Оставленная всеми ферма теперь напоминала опустевший, мертвый улей. В роще не было видно ни походных кухонь, ни текинцев, ни коней. В белой стене уныло сиротствующего дома между окон темнела дыра от снаряда.
Ивлев, минуя ферму, придержал Гнедую и снял фуражку.
Дорога почти до самой Елизаветинской не имела подъемов и спусков, а Ивлеву неотвязно представлялось, будто повозки, арбы, кони, люди — все скопище — безудержно сползали по наклонной плоскости куда-то ниже, ниже, в сумрак и тьму.
Лица отступающих почернели, спины сгорбились.
В поле, где недавно каждый бугорок и пядь земли брались с бою, еще валялись раздувшиеся тела убитых.
Ивлев обогнал роту корниловцев, медленно шагавшую за раненым офицером, рука которого висела на марлевой повязке.
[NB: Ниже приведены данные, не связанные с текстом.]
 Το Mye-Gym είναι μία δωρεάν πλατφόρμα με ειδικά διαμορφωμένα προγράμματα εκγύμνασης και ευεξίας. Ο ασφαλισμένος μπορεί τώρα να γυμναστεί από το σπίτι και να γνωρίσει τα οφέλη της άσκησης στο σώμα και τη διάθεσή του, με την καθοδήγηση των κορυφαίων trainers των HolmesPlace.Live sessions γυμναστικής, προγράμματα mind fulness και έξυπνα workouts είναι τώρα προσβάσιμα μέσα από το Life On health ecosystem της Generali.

Все в колонне безмолвствовали.
У Елизаветинской по широкому выгону ехал верхом на низкорослом коне Долинский. Увидя Ивлева, он остановился и тихо, почти шепотом, сообщил:
— Лавра Георгиевича уже погребли в ограде елизаветинской церкви. Но доподлинный труп командующего вон в том доме… — Долинский указал нагайкой на казачью хату под красной черепицей. — Поезжай к нему. Нам, его бывшим адъютантам, поручено тайком вывезти его и Неженцева из станицы. Понятно?..
В небольшой горнице на чистой половине дома было полутемно: все окна плотно закрыты ставнями, взятыми на большие болты. Несколько тоненьких восковых свечей, потрескивая и чадя, горело у изголовья убитого, лежавшего на коротком столе, покрытом серой домотканой скатертью. Рядом на столике в граненом стакане белел пучок фиалок, а на некрашеной скамье сидел, согнувшись, бородатый казак и глухим, бубнящим голосом читал псалтырь.
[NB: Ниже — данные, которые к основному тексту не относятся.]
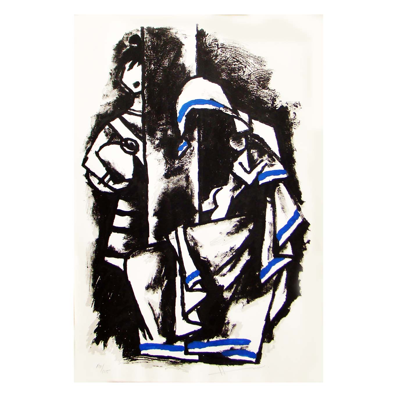 In this serigraph, MF Husain immortalises Mother Teresa as the Eternal Mother, a presence of compassion that moves beyond time and place. Her iconic white sari with blue borders defines her figure in strong black lines, her posture bent in care and humility. The black and white palette, punctuated only by the blue accents, amplifies both austerity and grace.

Белизна женской косынки, которой была подвязана челюсть, подчеркивала темноту коричневого лица в отблесках зыбкого, неверного пламени свечей. При колеблющемся свете широкоскулое, изломленное странными азиатскими чертами лицо Корнилова, утратив выражение жизни, стало непроницаемо.
Недаром говорят об умершем — ушел! И Корнилов, с которым связывалось у Ивлева столько надежд, теперь был уже далеко за кругом всего настоящего.
В комнате появился журналист Алексей Суворин-Порошин.
Тихо ступая на носки, он приблизился к покойнику. Потом, вперив взгляд в его неподвижное лицо, будто в полубреду забормотал:
— Тобою, Лавр Корнилов, новая Россия шла от своего прошлого к своему будущему через топи всякого растления. Шла она доблестно к великой и благородной цепи, шла и видела синеву нового неба… Ты пал, а павших на войне боги и люди почитают. Ты говорил: «Смерть — это вино!» И ты испил это вино как солдат и как вождь…
Ивлеву стало не по себе. Резко повернувшись на месте, он поспешно вышел из полутемной комнаты.
Во дворе у дома сидел текинец Раджеб, закрыв лицо руками. Ивлев сел на ступеньки крыльца рядом с плачущим туркменом.